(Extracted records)
____

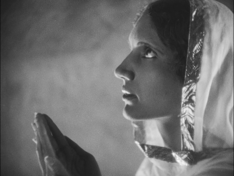 Let me start by saying that the least appealing aspect of this film is Himansu Rai’s performance. It’s as ineffectual as his character is weak and mopey. There’s no depth or intensity visible in his performance. He doesn’t move expressively, either with his body or with his face. He occasionally holds out his hands or stands still or drops his head a little. And it’s not as if he is restrained in the sense of naturalistic performance. He’s just giving us the basic markers of emotion: but not emotion itself.
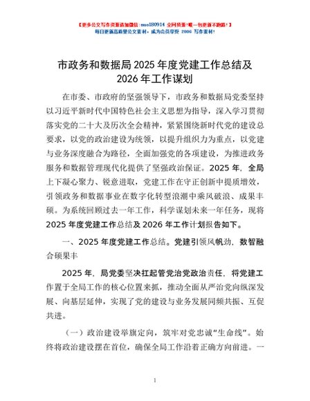 / 市政务和数据局2025年度党建工作总结及2026年工作谋划
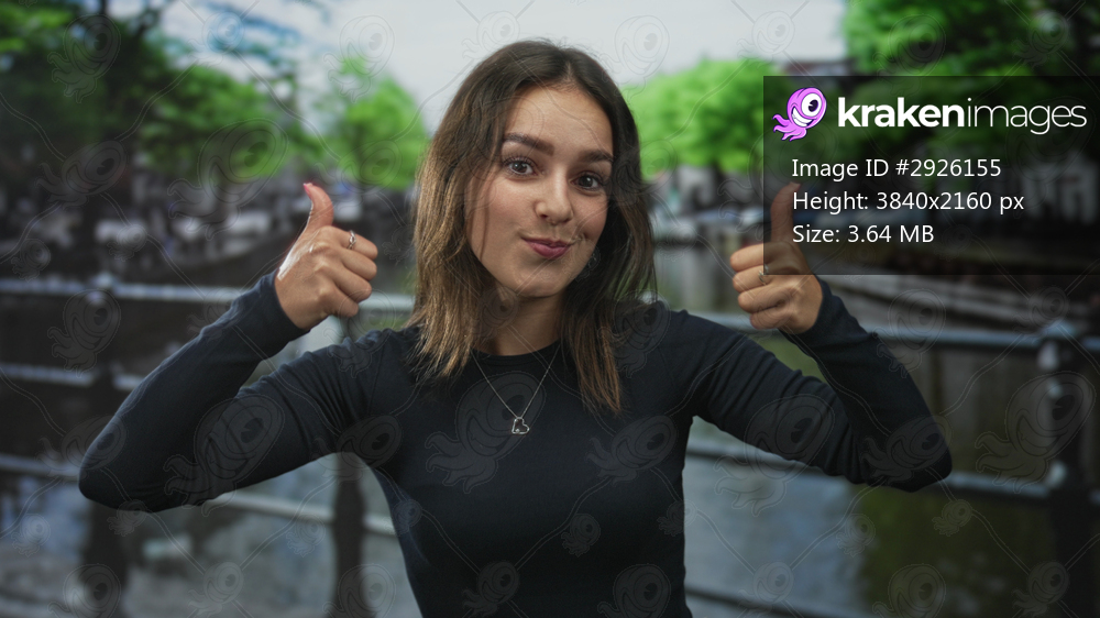 Woman giving thumbs up on amsterdam street, smiling toward camera with visible hands and thumbs; optimism celebration.
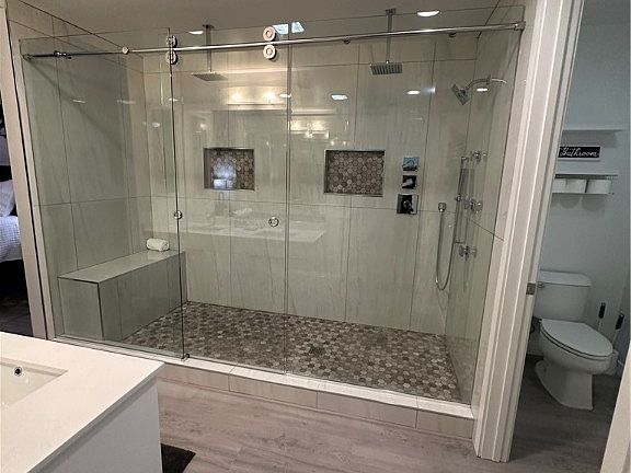 Stylish denModern loft vibeOpen layoutSpacious bedroomsCustom glass shower doorsPrivate balconiesFully upgraded bathrooms
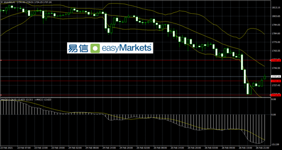 黄金因为美元指数上涨,以及市场追求流动性,多头出现获利了结出逃,令黄金暴跌。短线黄金深幅下跌,似乎空头力量得到了一定宣泄,目前上周五的低点1718美元附近形成了关键支撑参考位置,而早盘黄金持续上涨,在1732美元位置形成的平台突破位置,则是第一支撑。
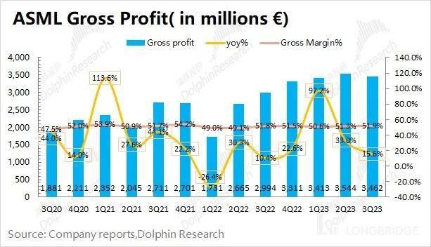 1.2 毛利及毛利率:阿斯麦(ASML)在 2023 年第三季度实现毛利 34.62 亿欧元,同比增长 15.6%。具体毛利率方面,公司本季度毛利率 51.9%,环比有所走高。在中国地区的需求带动下,ArFi 等产品的出货量和均价都有明显提升。
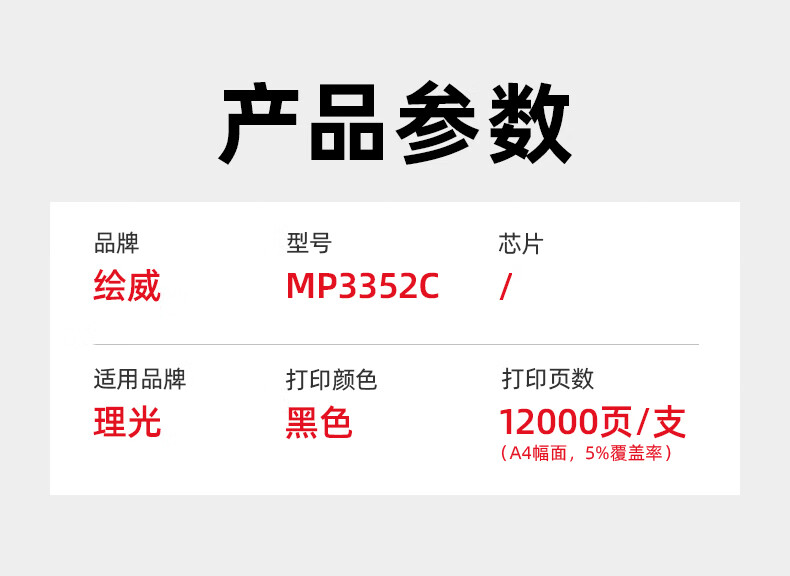 绘威 MP3352C粉盒 单支装 适用理光/RICOH MP3352 2852 2352SP 2852SP 3352SP
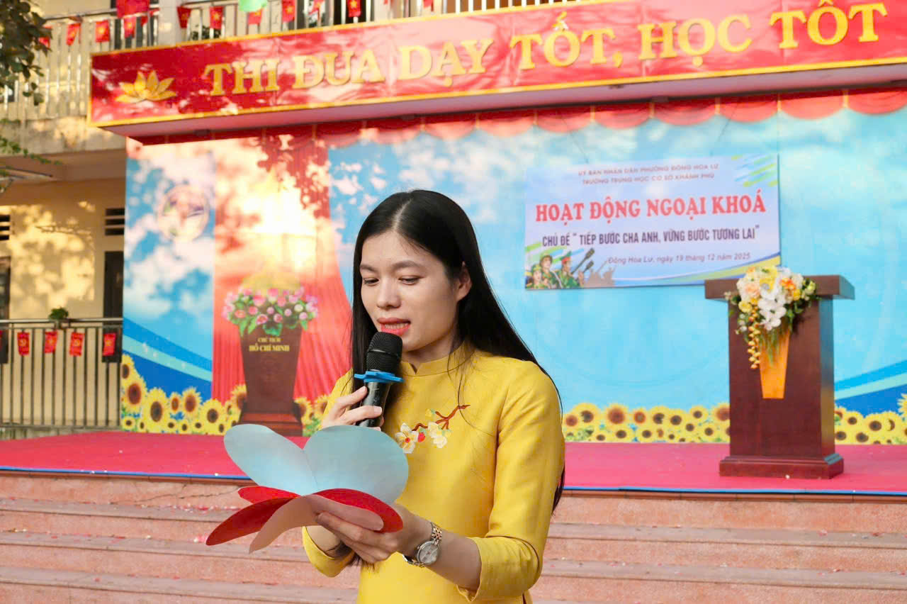 Cô giáo Nguyễn Thu Hoài – Hiệu trưởng nhà trường đã phát biểu khai mạc buổi HĐNK trong đó khẳng định ý nghĩa lịch sử của ngày 22/12, nhấn mạnh truyền thống vẻ vang của Quân đội Nhân dân Việt Nam và vai trò của giáo dục trong việc bồi dưỡng lý tưởng, trách nhiệm cho thế hệ trẻ.
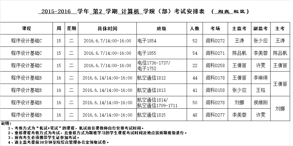 BB贝博的官方网站2015-2016-2学期考试安排(阎良校区)
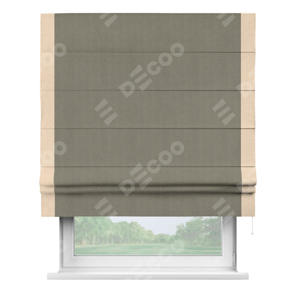 Римская штора производителя «Cortin», используется для проёма, пошита из ткани блэкаут с блеском графитовый, артикул 34648. Отделка шторы кантом «Стрим Дуо», ткань для канта используется из блэкаута с блеском разной расцветки на выбор. Изнаночная сторона материала черного цвета, что обеспечивает необходимую светонепроницаемость. Имеет универсальный механизм и подходит для монтажа: на потолок, на стену и в нишу.
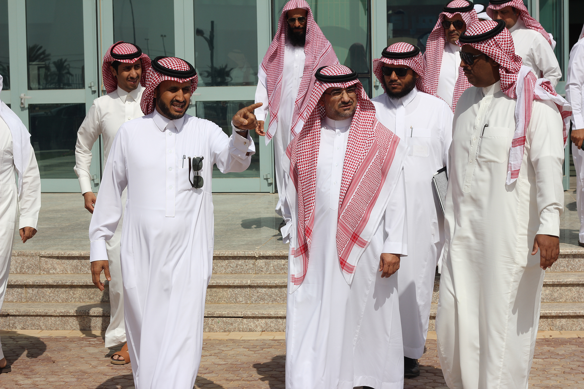 حيث استقبله فور وصوله عميد كلية العلوم والدراسات الإنسانية الدكتور مسفر بن محماس الكبيري، ووكلاء الكلية، وأعضاء هيئة التدريس.
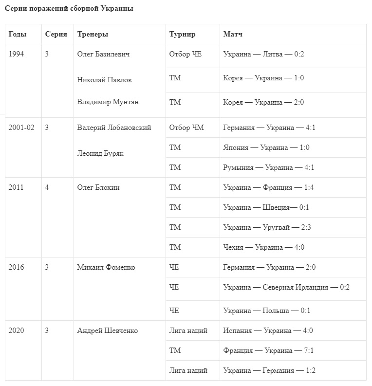 Самая длинная полоса фиаско сборной Украины случилась в 2011 году, во время подготовки к домашнему чемпионату Европы. Тогда подопечные Олега Блохина проиграли четыре спарринга подряд с общим счетом 3:12 (этой осенью при Шевченко было 2:13).

____

DESCRIPTION OF THE TASK
Return every record above exactly as written, but drop the pictures.

ANSWER TO THIS EXERCISE
 Let me start by saying that the least appealing aspect of this film is Himansu Rai’s performance. It’s as ineffectual as his character is weak and mopey. There’s no depth or intensity visible in his performance. He doesn’t move expressively, either with his body or with his face. He occasionally holds out his hands or stands still or drops his head a little. And it’s not as if he is restrained in the sense of naturalistic performance. He’s just giving us the basic markers of emotion: but not emotion itself.
 / 市政务和数据局2025年度党建工作总结及2026年工作谋划
 Woman giving thumbs up on amsterdam street, smiling toward camera with visible hands and thumbs; optimism celebration.
 Stylish denModern loft vibeOpen layoutSpacious bedroomsCustom glass shower doorsPrivate balconiesFully upgraded bathrooms
 黄金因为美元指数上涨,以及市场追求流动性,多头出现获利了结出逃,令黄金暴跌。短线黄金深幅下跌,似乎空头力量得到了一定宣泄,目前上周五的低点1718美元附近形成了关键支撑参考位置,而早盘黄金持续上涨,在1732美元位置形成的平台突破位置,则是第一支撑。
 1.2 毛利及毛利率:阿斯麦(ASML)在 2023 年第三季度实现毛利 34.62 亿欧元,同比增长 15.6%。具体毛利率方面,公司本季度毛利率 51.9%,环比有所走高。在中国地区的需求带动下,ArFi 等产品的出货量和均价都有明显提升。
 绘威 MP3352C粉盒 单支装 适用理光/RICOH MP3352 2852 2352SP 2852SP 3352SP
 Cô giáo Nguyễn Thu Hoài – Hiệu trưởng nhà trường đã phát biểu khai mạc buổi HĐNK trong đó khẳng định ý nghĩa lịch sử của ngày 22/12, nhấn mạnh truyền thống vẻ vang của Quân đội Nhân dân Việt Nam và vai trò của giáo dục trong việc bồi dưỡng lý tưởng, trách nhiệm cho thế hệ trẻ.
 BB贝博的官方网站2015-2016-2学期考试安排(阎良校区)
 Римская штора производителя «Cortin», используется для проёма, пошита из ткани блэкаут с блеском графитовый, артикул 34648. Отделка шторы кантом «Стрим Дуо», ткань для канта используется из блэкаута с блеском разной расцветки на выбор. Изнаночная сторона материала черного цвета, что обеспечивает необходимую светонепроницаемость. Имеет универсальный механизм и подходит для монтажа: на потолок, на стену и в нишу.
 حيث استقبله فور وصوله عميد كلية العلوم والدراسات الإنسانية الدكتور مسفر بن محماس الكبيري، ووكلاء الكلية، وأعضاء هيئة التدريس.
 Самая длинная полоса фиаско сборной Украины случилась в 2011 году, во время подготовки к домашнему чемпионату Европы. Тогда подопечные Олега Блохина проиграли четыре спарринга подряд с общим счетом 3:12 (этой осенью при Шевченко было 2:13).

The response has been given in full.